Free-Market Analysis: We don't see a recovery is taking place even though house prices are going up in the US and the stock market is scaling the skies. What's happening is that the central bank has printed money and debased the currency. First you get a wealth effect and then come the negatives, including price inflation that will bring a host of additional difficulties.

Right now, they are taking their profits, anyone who understands this game. And perhaps they are placing more bets, especially in the US stock market, depending on whether they believe Ben Bernanke can keep the balls in the air.

Of course, it has been duly noted by many that Bernanke is retiring.

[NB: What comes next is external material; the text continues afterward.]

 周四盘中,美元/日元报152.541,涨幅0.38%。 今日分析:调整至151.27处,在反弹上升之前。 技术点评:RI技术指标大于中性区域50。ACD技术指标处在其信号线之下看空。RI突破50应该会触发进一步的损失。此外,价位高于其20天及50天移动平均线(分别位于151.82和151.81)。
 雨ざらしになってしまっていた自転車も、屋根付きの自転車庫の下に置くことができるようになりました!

Presumably, he doesn't want to unwind what he has wrought. And in the meantime, the mainstream media will trumpet his almost sociopathic money printing as a kind of victory.

They already are. Obama is being hailed as a president who has presided over an unprecedented stock market rise. In fact, he's simply observed the effects of financial inflation. And listen to Bloomberg:

The S&P/Case-Shiller index of property values in 20 cities increased 10.9 percent in the year to March, the biggest 12- month gain since April 2006. Rising property and stock values are boosting household finances, helping Americans cope with an increase in the payroll tax and wage gains that have barely kept up with inflation.

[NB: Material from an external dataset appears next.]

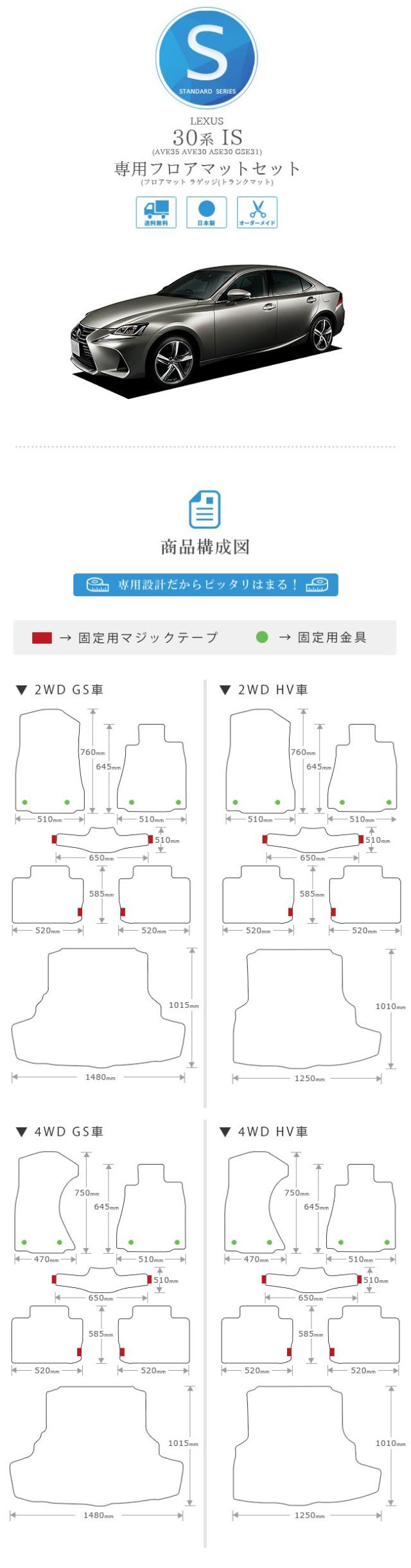 【送料無料】LEXUS レクサス 30系 IS 250 300h 300 350 フロアマットセット

Stocks climbed as the reports underpinned the outlook for consumer spending and earnings at companies ranging from retailers such as Williams-Sonoma Inc. (WSM) to homebuilders including PulteGroup Inc (PHM). "We're getting back on track," said Michael Feroli, chief U.S. economist at JPMorgan Chase & Co. in New York, the topranked forecaster of Case-Shiller data over the past two years, according to data compiled by Bloomberg. "Housing continues to look very solid in a broad-based manner. We're continuing to expand."

The Standard & Poor's 500 Index rose 0.6 percent to 1,660.06 at the close in New York. The S&P Supercomposite Retailing Index also climbed 0.6 percent. Treasuries fell, sending the yield on the benchmark 10-year note up to 2.17 percent, a one-year high. Survey Results The median estimate in a Bloomberg survey projected the consumer confidence index would rise to 71.2. Forecasts (CONCCONF) of the 75 economists polled ranged from 65 to 76. The April reading was revised up to 69 from a previously reported 68.1 in April.

Do you hear the almost triumphal tone? International socialism is cheering today. They believe they have done it again, created the basis of a "recovery" while keeping the con alive. It's a system all right, but one that entrenches certain players at the expense of others.

The Internet and the information it provides has given a view of just how the manipulations work. In this case, the Federal Reserve printed trillions even in the face of the greatest downturn since the Great Depression. And with the kind of "implacable rigor" shown until recently by Eurocrats with their austerity program, the Fed declined to hand out any money to the middle class directly. The channel as usual was the financial industry.

In a few months, by handing over money to individual consumers, the Fed could have short-circuited this tortuous journey of five years. But in doing so, the Fed would have illustrated that it presides over what is merely a facsimile of a real free-market economy.

People would have internalized the reality of what the Fed does, which is print money-from-nothing and hand it out to its cronies. These individuals in turn place funds in the stock market, which gradually ascends. Eventually, when it is high enough, the monetization spills out into the larger economy. But it can take a tortuously long time. And it has. Tens of millions are out of work and the gray and black economy in the US has blossomed like never before.

Another reason the Fed has not wanted to hand out money directly to consumers is that the resultant price inflation would have been severe and probably almost immediate. But here is the irony: Price inflation is going to take place anyway.

Is this the reason US officials seem to be preparing for an insurrection? When price inflation takes off – and there is already plenty of it despite what government figures indicate – then two things will happen. Consumers will see for themselves the nature of this faux recovery. And the US government will be whip-sawed by debt and interest rates.

The debt burden carried by Fedgov is already too big and high rates will make it insupportable. If the Fed cannot remove money from the economy in a timely and scientific manner, then the "recovery" may well blow sky high.

After Thoughts

This is the bet that the good, gray men of the Fed have made. Do you think they will win it?